Fazio’s eyes sparkled with contentment. He pulled a small piece of paper out of his pocket and began reading.
“Gaetano Marzilla, born in Montelusa on October 6, 1960, son of the late Stefano Marzilla and Antonia née Diblasi, resident of Montelusa, Via Francesco Crispi 18. Married Elisabetta Cappuccino, born at Ribera on February 14, 1963, daughter of Emanuele Cappuccino and Eugenia née Ricottilli, who—”
“Stop right there or I’ll shoot,” said Montalbano.
“Okay, okay. I’m satisfied,” said Fazio, putting the piece of paper back in his pocket.
“So, do we want to talk about serious matters now?”
“Sure. This Marzilla’s been working at the hospital ever since getting his nursing degree. His wife came with a modest gift shop in her dowry, but the shop burned down three years ago.”
“Arson?”
“Yes, but the place wasn’t insured. Rumor has it that it was burned down because Marzilla got tired of paying the protection money. And you know what Marzilla did?”
“Fazio, those kinds of questions only piss me off. I don’t know a goddamned thing! You’re the one who’s supposed to be filling me in!”
“Marzilla learned his lesson and started coughing up the protection money. Feeling safe, he bought a warehouse adjacent to the shop and expanded and renovated everything. To make a long story short, he got covered in debt, and since business is bad, the loan sharks have him by the throat now, according to the gossip. Lately the poor guy’s so desperate he’s looking left and right for any spare change he can get his hands on.”
“I absolutely must speak with this man,” said Montalbano, after remaining silent a few moments. “And as soon as possible.”
“What are we going to do? We certainly can’t arrest the guy,” said Fazio.
“No. Who ever said anything about arresting him? On the other hand . . .”
“On the other hand?”
“If he got wind . . .”
“Of what?”
“Nothing, I just thought of something. You know the address of his shop?”
“Of course, Chief. Via Palermo 34.”
“Thanks. Now go pound the pavement some more.”
9
After Fazio left, he sat and pondered his course of action until he had it all clear in his mind. He called in Galluzzo.

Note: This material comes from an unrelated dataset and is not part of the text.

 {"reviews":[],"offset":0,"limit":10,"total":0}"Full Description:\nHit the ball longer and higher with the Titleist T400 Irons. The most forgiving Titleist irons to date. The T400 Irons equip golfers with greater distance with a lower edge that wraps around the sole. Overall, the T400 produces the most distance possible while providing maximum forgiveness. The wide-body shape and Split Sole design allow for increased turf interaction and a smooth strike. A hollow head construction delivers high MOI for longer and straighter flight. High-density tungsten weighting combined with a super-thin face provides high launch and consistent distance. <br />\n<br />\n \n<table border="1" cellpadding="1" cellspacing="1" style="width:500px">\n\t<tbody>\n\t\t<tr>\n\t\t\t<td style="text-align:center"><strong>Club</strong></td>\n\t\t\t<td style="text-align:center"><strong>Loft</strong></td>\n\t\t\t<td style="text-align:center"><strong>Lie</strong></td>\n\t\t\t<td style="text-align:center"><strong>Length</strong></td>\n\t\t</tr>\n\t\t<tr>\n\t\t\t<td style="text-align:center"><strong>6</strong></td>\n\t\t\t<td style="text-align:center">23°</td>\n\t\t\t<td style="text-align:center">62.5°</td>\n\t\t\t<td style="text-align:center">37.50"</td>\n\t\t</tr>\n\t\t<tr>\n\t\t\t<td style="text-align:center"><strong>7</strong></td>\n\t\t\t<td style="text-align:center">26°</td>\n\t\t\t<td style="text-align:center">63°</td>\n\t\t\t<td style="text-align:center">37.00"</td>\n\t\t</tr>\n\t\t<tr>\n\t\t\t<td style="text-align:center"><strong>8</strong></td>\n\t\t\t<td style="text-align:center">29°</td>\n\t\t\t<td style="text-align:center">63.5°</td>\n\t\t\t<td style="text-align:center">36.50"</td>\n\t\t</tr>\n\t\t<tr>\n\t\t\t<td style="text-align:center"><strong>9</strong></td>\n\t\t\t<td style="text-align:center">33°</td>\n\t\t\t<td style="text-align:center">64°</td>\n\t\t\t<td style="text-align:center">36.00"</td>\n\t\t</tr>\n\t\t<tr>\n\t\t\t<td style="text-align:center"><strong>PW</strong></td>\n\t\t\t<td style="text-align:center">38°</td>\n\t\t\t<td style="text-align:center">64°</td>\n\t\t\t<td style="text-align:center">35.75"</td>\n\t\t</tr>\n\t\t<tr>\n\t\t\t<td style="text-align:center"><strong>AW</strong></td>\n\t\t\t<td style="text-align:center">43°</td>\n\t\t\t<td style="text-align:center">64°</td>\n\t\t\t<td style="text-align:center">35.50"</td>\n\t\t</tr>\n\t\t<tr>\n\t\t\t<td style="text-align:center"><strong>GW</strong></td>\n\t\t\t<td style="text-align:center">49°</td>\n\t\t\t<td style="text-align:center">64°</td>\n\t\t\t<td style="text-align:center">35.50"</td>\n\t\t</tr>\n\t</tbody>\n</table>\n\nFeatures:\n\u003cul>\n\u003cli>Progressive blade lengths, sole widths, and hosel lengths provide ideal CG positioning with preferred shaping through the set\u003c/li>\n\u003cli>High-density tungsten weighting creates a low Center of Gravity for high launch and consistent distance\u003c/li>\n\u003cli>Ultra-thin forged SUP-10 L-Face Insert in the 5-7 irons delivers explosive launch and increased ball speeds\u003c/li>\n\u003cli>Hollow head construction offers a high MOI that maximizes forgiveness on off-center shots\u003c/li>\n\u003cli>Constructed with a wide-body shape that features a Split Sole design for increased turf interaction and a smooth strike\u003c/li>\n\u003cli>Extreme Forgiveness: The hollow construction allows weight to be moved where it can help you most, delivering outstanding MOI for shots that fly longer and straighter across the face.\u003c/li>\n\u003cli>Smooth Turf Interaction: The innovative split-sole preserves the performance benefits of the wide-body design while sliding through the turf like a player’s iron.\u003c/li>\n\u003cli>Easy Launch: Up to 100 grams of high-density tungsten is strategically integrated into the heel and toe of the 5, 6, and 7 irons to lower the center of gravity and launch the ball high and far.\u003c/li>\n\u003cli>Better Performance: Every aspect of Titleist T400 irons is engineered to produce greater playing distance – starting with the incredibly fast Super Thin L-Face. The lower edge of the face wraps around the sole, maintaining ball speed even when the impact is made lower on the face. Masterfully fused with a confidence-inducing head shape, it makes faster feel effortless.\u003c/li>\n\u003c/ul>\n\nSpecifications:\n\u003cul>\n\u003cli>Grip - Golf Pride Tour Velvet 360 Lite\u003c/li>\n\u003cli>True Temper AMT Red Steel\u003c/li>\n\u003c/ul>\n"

“Listen, I want you to go to the Bulone printworks and have them make a bunch of calling cards for you.”
“With my name?” asked Galluzzo, perplexed.
“Come on, Gallù, are you acting like Catarella now? With my name.”

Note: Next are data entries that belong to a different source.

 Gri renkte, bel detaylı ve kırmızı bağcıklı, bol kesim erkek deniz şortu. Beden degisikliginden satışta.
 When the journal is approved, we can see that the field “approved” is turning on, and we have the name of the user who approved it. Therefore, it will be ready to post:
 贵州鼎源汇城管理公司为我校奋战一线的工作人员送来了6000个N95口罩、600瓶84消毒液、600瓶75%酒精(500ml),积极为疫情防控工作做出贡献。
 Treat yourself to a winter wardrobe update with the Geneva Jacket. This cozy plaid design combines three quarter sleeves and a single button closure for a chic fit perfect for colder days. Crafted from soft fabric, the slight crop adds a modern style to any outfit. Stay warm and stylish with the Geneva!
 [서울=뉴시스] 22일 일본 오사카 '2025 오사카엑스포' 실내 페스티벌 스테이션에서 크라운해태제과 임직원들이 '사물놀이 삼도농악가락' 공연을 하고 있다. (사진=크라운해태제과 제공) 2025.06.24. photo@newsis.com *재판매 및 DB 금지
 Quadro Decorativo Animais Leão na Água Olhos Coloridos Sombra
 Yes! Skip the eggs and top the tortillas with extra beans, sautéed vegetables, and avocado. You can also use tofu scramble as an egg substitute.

“And what should I tell them to write?”
“The essential. Salvo Montalbano and, underneath, Chief Inspector, Vigàta Police. On the bottom left, have them put our telephone number. Ten or so will be enough.”
“While we’re at it, Chief—”
“You want me to order a thousand? So I can wallpaper my bathroom with ’em? Ten’ll be more than enough. And I want them on my desk by four o’clock this afternoon. No excuses. Now hurry, before they close for lunch.”
It was time to eat. Since most people were at home, he might as well try. He picked up the phone.
“Hallo? Who tokin?” said the voice of a woman who must have come from at least as far away as Burkhina Faso.
“This is Inspector Montalbano. Is Signora Ingrid there?”
“You wait.”
By now it was tradition. Whenever he called up Ingrid, a housekeeper from a country nowhere to be found on the map always answered.
“Hi, Salvo? What’s up?”
“I’m going to need a little help from you. Are you free this afternoon?”
“Yes. I have an engagement around six.”
“That should be more than enough time. Can we meet in Montelusa, in front of the Vittoria Café at four-thirty?”
“Sure. See you later.”
 
 
At home he found a casserole of tender, mischievous
pasta ’ncasciata
(he suffered from improper use of adjectives and couldn’t define it any better than this) in the oven and feasted on it. Then he changed, putting on a grey double-breasted suit, a pale blue shirt, and a red tie. He wanted to look like a cross between white-collar and shady. Afterwards, he sat out on the veranda and sipped a coffee while smoking a cigarette.